It is hard to resist the conclusion that the lessons Schweitzer taught have been largely ignored, and that Jesus is again becoming the anachronistic mouthpiece for the cherished views of modern scholars. The resultant Jesus is quite convenient for liberal Protestant activists, and many among the Unitarian Universalist movement find this Jesus attractive as well, an irreverent, largely secular, and socially involved Jesus who can serve quite well as a pitchman for their causes. And as radical as embracing such a Jesus-concept may seem to some, I want to suggest that the UU embrace of the new liberal Jesus represents instead part of the increasing tendency of UUs to gravitate to the mainstream of Catholic and Protestant Christianity.

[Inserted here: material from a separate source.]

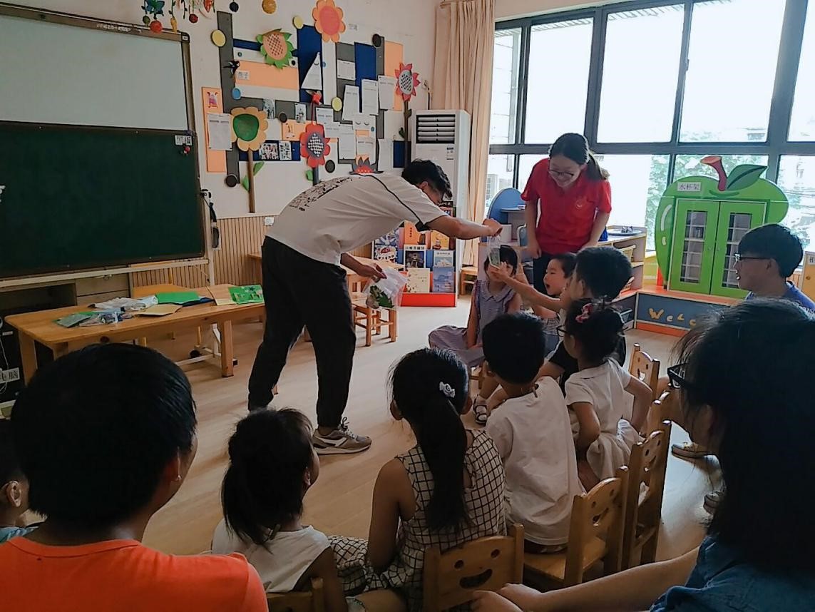 志愿者小哥哥给小朋友展示做贺卡的材料

This tendency is observable also in UU approaches to spirituality, liturgical theology and Christian (not just religious) education, all of which can be observed from the required reading list for UU seminarians, including modern Roman Catholic catechism theory. UUs are opting for a liberal Protestant Jesus all the more easily because they are themselves becoming merely one more sect of liberal Protestants.

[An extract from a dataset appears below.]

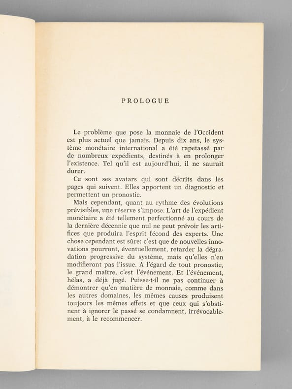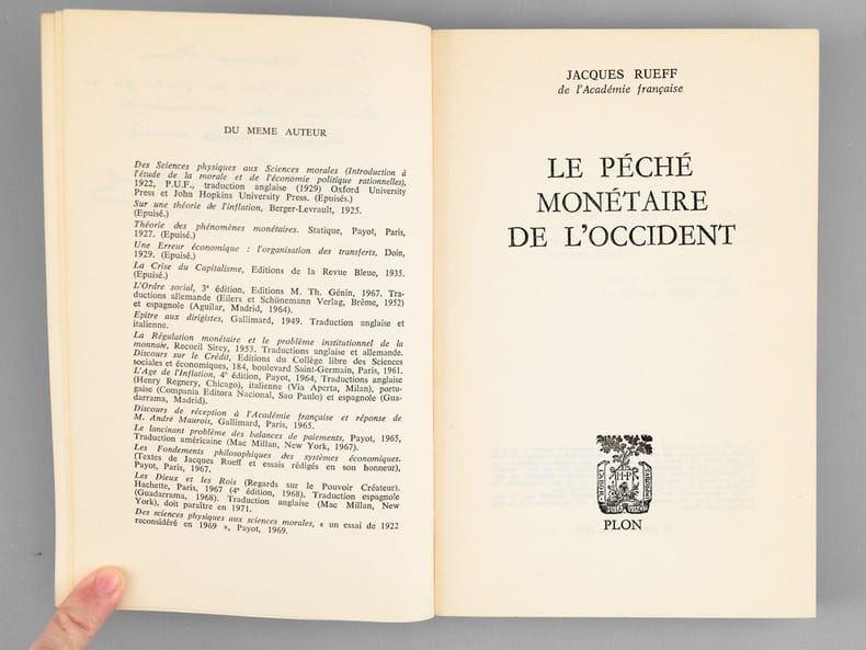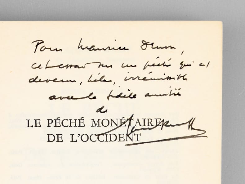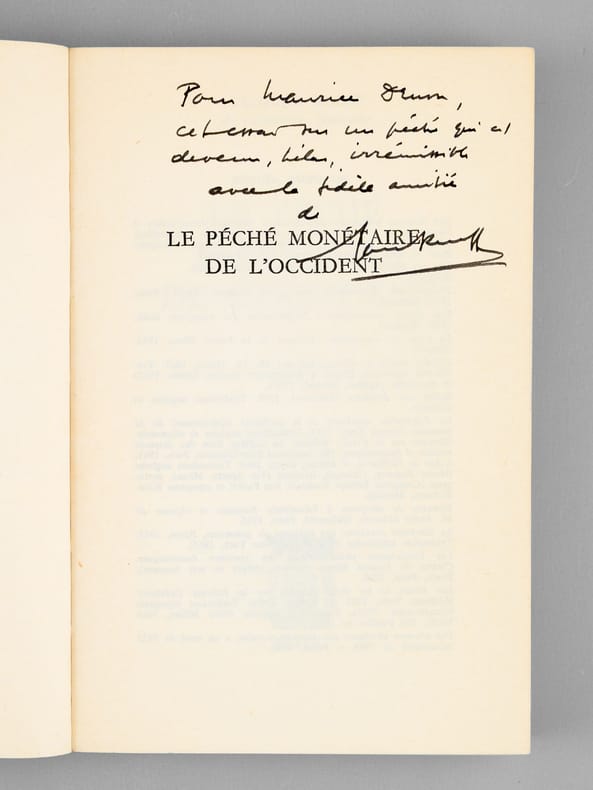Avec un bel envoi : "Pour Maurice Druon, cet essai sur un péché qui est devenu, hélas, irréverssible. Avec la fidèle amitié de Jacques Rueff". Maurice Druon (1918-2009), neveu de Joseph Kessel, fut résistant, écrivain auteur notamment de la saga des Rois maudits, homme politique. Elu à l'Académie Française en 1968, il en devint le Secrétaire Perpétuel en 1985. Jacques Rueff, quant à lui, avait été élu à l'Académie en 1964. Etat très satisfaisant (rares annotations en marge par Maurice Druon) pour cet exemplaire d'une origine prestigieuse.

But there is a more radical approach to the historical Jesus question that is also more consistent with recent generations of religious humanist thinking. This approach is that which seriously considers the possibilities that Jesus never existed as a historical figure (at least not as a single historical individual, though his story may combine elements of real historical figures), that Jesus has retreated so far beyond historical recovery that we must remain agnostic concerning him, and that, far from preaching and enacting a theology of his own atoning death, Jesus may not have died on the cross at all. The irony is that these possibilities, scoffed at nowadays by conservative and liberal alike, both Catholic and Protestant, are implied in the very theories espoused by the liberal Renewed Questers, especially Crossan and Mack, whose work I will briefly survey here. I would suggest that religious humanists are perhaps in a better position than anyone else to recognize the astonishing implications of the most popular current theories of the historical Jesus.

The Cross(an) Gospel

In a series of exhaustively researched and engagingly written books (Four Other Gospels, 1985; The Cross That Spoke, 1988; The Historical Jesus, 1991; Jesus: A Revolutionary Biography, 1994; Who Killed Jesus?, 1995; and Who Is Jesus?, 1996) John Dominic Crossan has certainly won the distinction of being the most prolific of the Renewed Questers. I want to deal briefly with just two of his major claims here. One has to do with the historical Jesus and how Crossan proposes to distil him from the evidence. The other has to do with the nature of the gospel evidence as he understands it.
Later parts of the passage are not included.